We watched as she cradled him in her arms. When he’d attempt to hobble in our direction, she’d reach for his leg to gently pull him back. And once he got a little restless and attempted to scale her head, she plucked him off and set him on the ground. As someone with young nieces and nephews, I couldn’t help but laugh. Because if you, too, are surrounded by children, you can relate to how tiresome it is to keep up with their energy and antics. By that same virtue, it’s amazing just how universal motherhood (or in my case, aunthood) is.
Just as our 60 minutes were coming to an end (each gorilla family gets one set of visitors per day for one hour), the mother turned her back to us like clockwork, telling us it was time to head out. As I made my way through the low-lying bushes, a blackback decided to take a break from his snack time and walked directly past me. All of these moments combined felt like a fever dream, and on our way out as red-tailed monkeys hopped between canopies, Saidi asked if we were ready for another trek. Not today, of course, but yes, I was chomping at the bit for the next day’s outing.

Photo: Courtesy of Abercrombie & Kent

Photo: Courtesy of Abercrombie & Kent
While gorilla trekking is undoubtedly the key attraction here, Gorilla Forest Lodge also offers other outdoor activities like birding (over 350 species) and waterfall hikes, along with cultural immersions with the Batwa and Bakiga communities. While I had hoped to partake in the latter, my plans were thwarted when it began to pour as we approached the lodge. So instead, I sat down with a hotel team member to learn more about Abercrombie & Kent’s philanthropic arm. Beyond employing locals, the company makes a concerted effort to positively impact the community. In Bwindi, that comes in the form of expanding the local primary school and supporting 15 other schools, providing safe drinking water with LifeStraw-filtered tanks, and giving scholarships and resources to the nearby nursing school.
The next morning called for another trek, and we were assigned Saidi once more. To my surprise, it was an even shorter hike than the day before, but this time we were surrounded by the wild jungle. This silverback, Kavuyo, was being groomed by a female while six other gorillas were munching on leaves in the treetops. There was a Tarzan moment as one swung down a vine. The stark contrast of settings created an entirely different experience that had me curious what other treks could look like. But at last, this was our final day, and we returned to the lodge to unwind by the fire pit, recounting the last couple of days to the tunes of a live harp.

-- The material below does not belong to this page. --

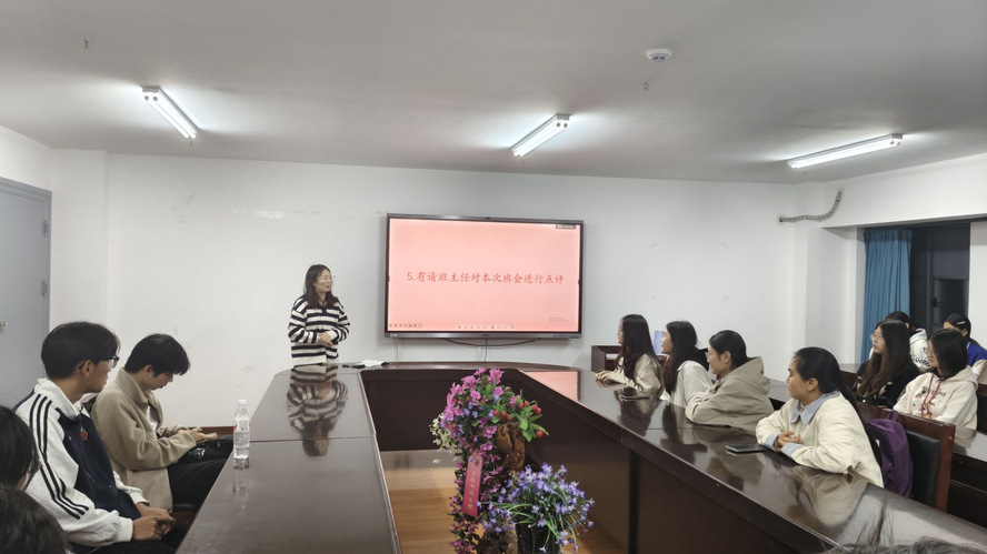 最后,杨新雨老师对本次班会进行全面点评与总结。她针对班级发展中存在的细节问题提出改进建议。她勉励同学们,要始终坚定理想信念、锤炼高尚品格,珍惜大学时光,在集体中成长成才,以实际行动践行社会主义建设者和接班人的使命担当。

On our final day, we departed before the crack of dawn, and unexpected road work led us to take the long way around. Truly the scenic route, we passed by the same mountains we saw the days before on our way to the gorillas. As we chased sunrise, the sky shifted from a pastel pink to a bright orange. I looked out the window in awe one last time, with flashbacks of the gorillas and the community that makes this all possible running through my mind. And all I could hope was that one day, I would be lucky enough to return.